— Source data —
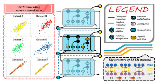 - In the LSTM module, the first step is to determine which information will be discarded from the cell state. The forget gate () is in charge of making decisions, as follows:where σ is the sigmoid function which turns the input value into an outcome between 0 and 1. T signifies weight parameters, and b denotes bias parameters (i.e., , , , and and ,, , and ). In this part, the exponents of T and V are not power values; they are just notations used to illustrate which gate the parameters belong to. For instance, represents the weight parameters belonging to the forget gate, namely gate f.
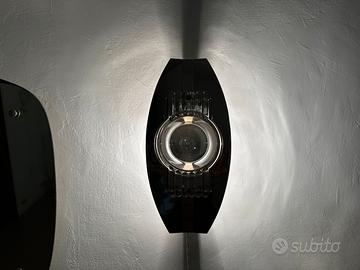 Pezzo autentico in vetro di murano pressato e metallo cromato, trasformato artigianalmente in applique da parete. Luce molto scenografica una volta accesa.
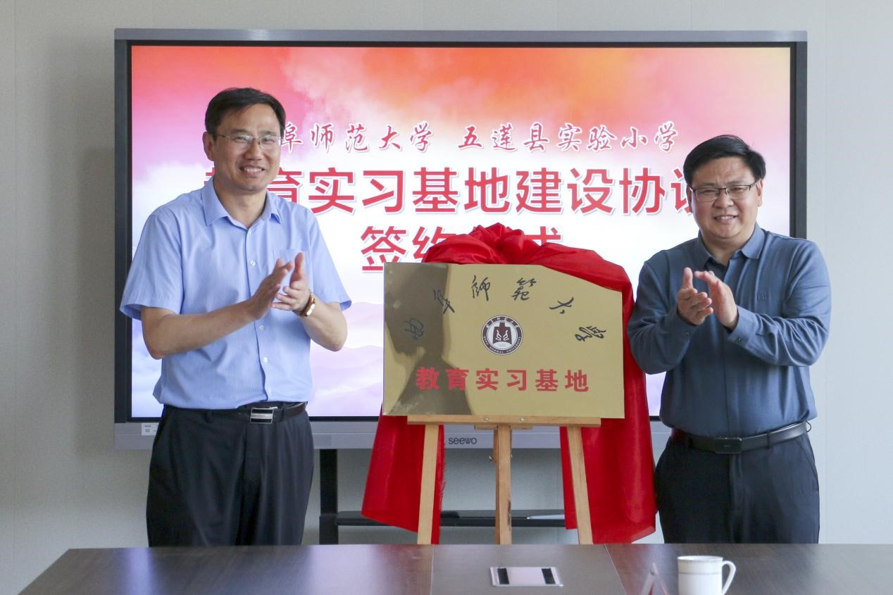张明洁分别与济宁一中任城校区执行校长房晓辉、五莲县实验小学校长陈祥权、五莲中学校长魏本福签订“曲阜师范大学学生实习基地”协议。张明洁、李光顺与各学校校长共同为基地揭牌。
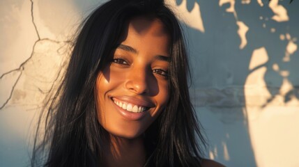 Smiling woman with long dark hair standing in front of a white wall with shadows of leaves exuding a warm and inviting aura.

— Brief —
Write out the data exactly, but not its pictures.

— Solution below —
 - In the LSTM module, the first step is to determine which information will be discarded from the cell state. The forget gate () is in charge of making decisions, as follows:where σ is the sigmoid function which turns the input value into an outcome between 0 and 1. T signifies weight parameters, and b denotes bias parameters (i.e., , , , and and ,, , and ). In this part, the exponents of T and V are not power values; they are just notations used to illustrate which gate the parameters belong to. For instance, represents the weight parameters belonging to the forget gate, namely gate f.
 Pezzo autentico in vetro di murano pressato e metallo cromato, trasformato artigianalmente in applique da parete. Luce molto scenografica una volta accesa.
张明洁分别与济宁一中任城校区执行校长房晓辉、五莲县实验小学校长陈祥权、五莲中学校长魏本福签订“曲阜师范大学学生实习基地”协议。张明洁、李光顺与各学校校长共同为基地揭牌。
 Smiling woman with long dark hair standing in front of a white wall with shadows of leaves exuding a warm and inviting aura.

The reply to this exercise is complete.